Im der kostenpflichtigen Version des Online-Dienstes sind darüber hinaus Serviceleistungen enthalten, mit denen u.a. Personalisierung (Newsletter und Archiv bzw. persönliches „Magazin“) und Kommentierung der Empfehlungen möglich ist. [8]
Worin liegt der Mehrwert von „piqd“?
Die Plattform wurde zu Recht in der Kategorie „Spezial“ für den Grimme Online Award 2017 nominiert. [9] Für diejenigen Geschichtslehrerinnen und Geschichtslehrer, die (täglich) über bedeutsame Neuigkeiten und Informationen aus dem Bereich Geschichts- und Erinnerungskultur informiert werden wollen, bietet der Dienst sicher einen Mehrwert:
Die „handverlesene“ Auswahl ist hilfreich, damit einhergehend die tägliche Information, vor allem aber der knappe Teaser in der Mitteilungsmail. Ein Vorteil ist vor allem auch in der automatisierten Email-Benachrichtigung über „Lesenswertes“ im Bereich Geschichts- und Erinnerungskultur zu sehen. Wer sonst nur eine Zeitung abonniert haben sollte, ob als Print- oder Onlineversion, dem hilft es sicher auch, mittels piqd auf Artikel aus der übrigen Presse hingewiesen zu werden.
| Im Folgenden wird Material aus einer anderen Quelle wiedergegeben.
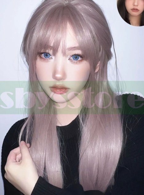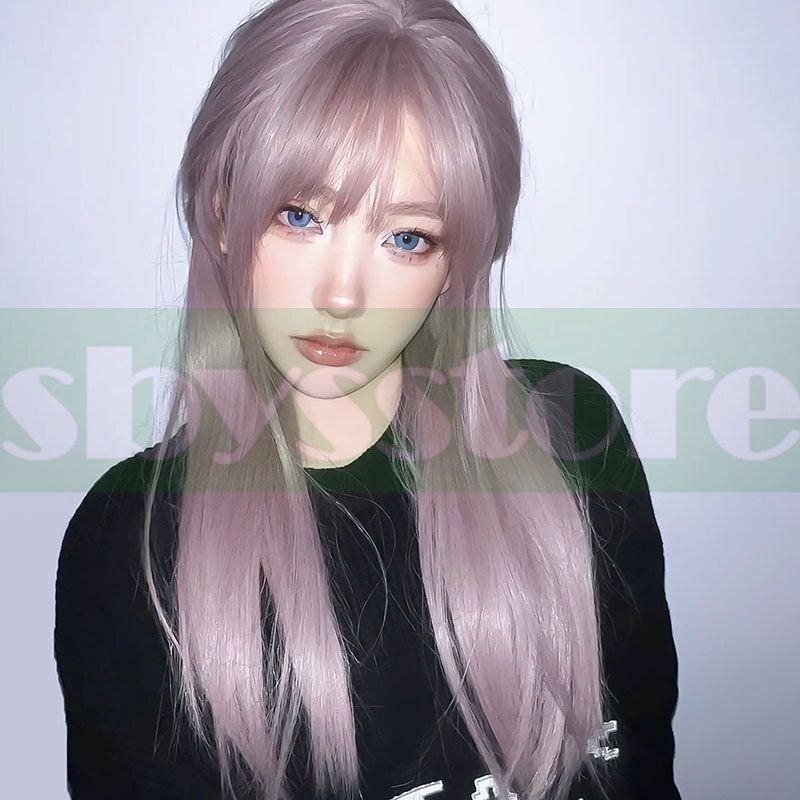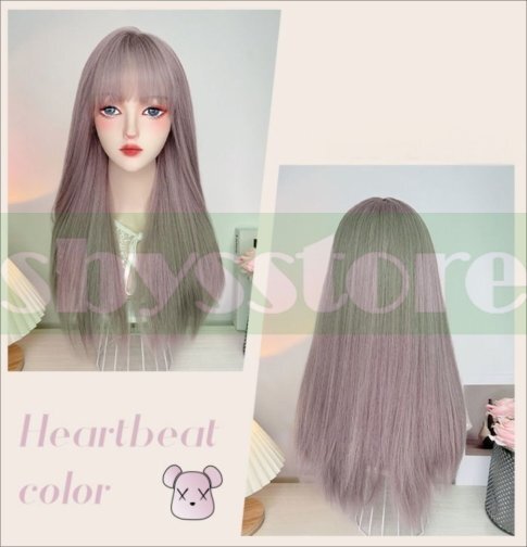 ウィッグ 女性 ロングヘア インフルエンサー風 グループスタイル グレイパープル ロングストレート ファッション 擬似真人髪 全頭セット
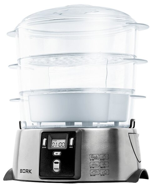 Number of tiers: 3, additional functions: auto-cooking, features: auto-off by timer, adding water during cooking, shutdown in case of lack of water, delay start, timer, design features
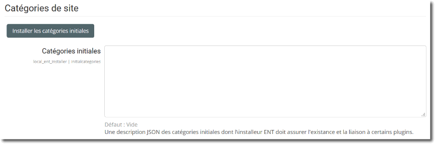Ce réglage permet de définir un ensemble de catégories qui doivent être garanties dans Moodle au démarrage de la plate-forme (et en permanence), pour servir un modèle pédagogique ou le fonctionnement de certains plugins.
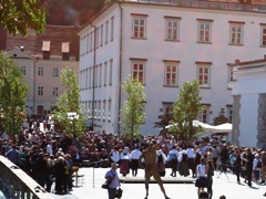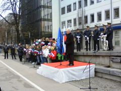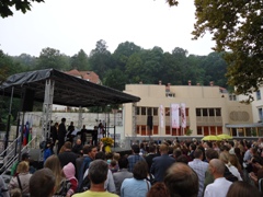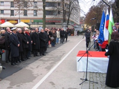 spominsko slovesnostjo pri spomeniku 24 talcev pri Poljanski gimnaziji. Slovesnosti se je udeležilo približno 200
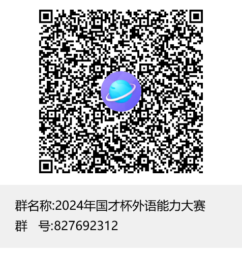 参赛注册:登录大赛官网(//ucc.fltrp.com/),参赛选手须在“选手报名/参赛”页面注册报名“综合能力赛项”,获取备赛资源。报名成功后请立即加入2024年国才杯外语能力大赛QQ群(群号827692312)。
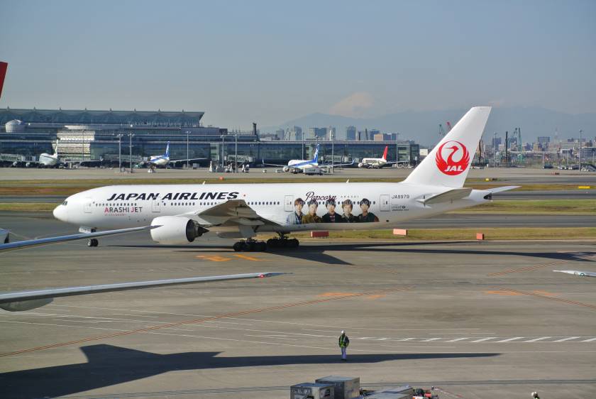 出張の時に搭乗までの間にJALラウンジで休憩していた時に嵐JETが前を通過したので富士山のコラボを撮影しました。
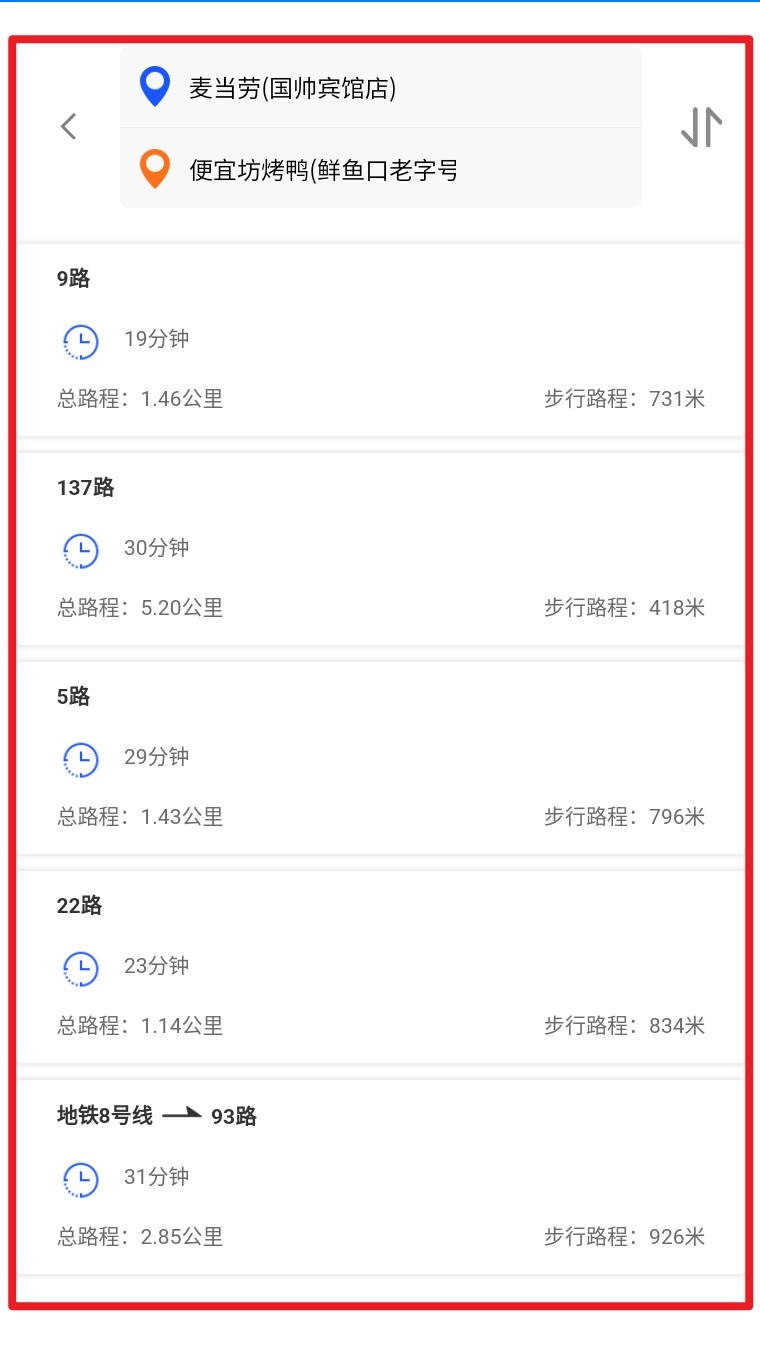 5. 根据路线推荐选择搭乘方案,结合步行路程一并参考,规划更省时更顺畅。
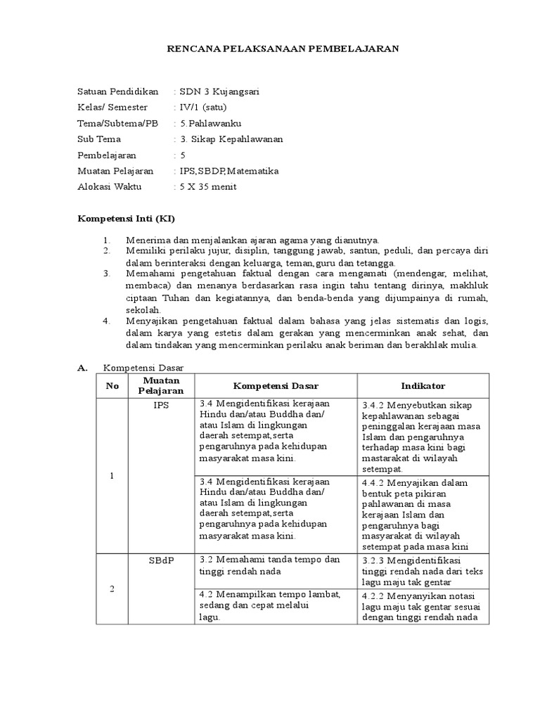 Rencana pelaksanaan pembelajaran kurikulum 2013 kelas iv tema 5 pahlawanku sub tema 3:

Nicht alle Artikel sind für die Themen des Geschichtsunterrichts relevant, doch schließlich richtet sich der Dienst nicht ausschließlich an Geschichtslehrerinnen und Geschichtslehrer.
Kurzum, zur Pflege einer „wachen Zeitgenossenschaft“ sind Online-Dienste wie hier piqd – handverlesenswert durchaus geeignet. Empfohlene Artikel können die weitergehende Auseinandersetzung mit der Fachliteratur nicht ersetzen, aber ergänzen.
Autor: Utz Klöppelt
Hier schreibt dein Kollege – mit mehr als 15 Jahren Erfahrung in Geschichtsunterricht und Geschichtsdidaktik, Gründer von Geschichte 21.
Ich helfe Geschichtslehrerinnen und Geschichtslehrern dabei, ihren Geschichtsunterricht noch besser zu machen!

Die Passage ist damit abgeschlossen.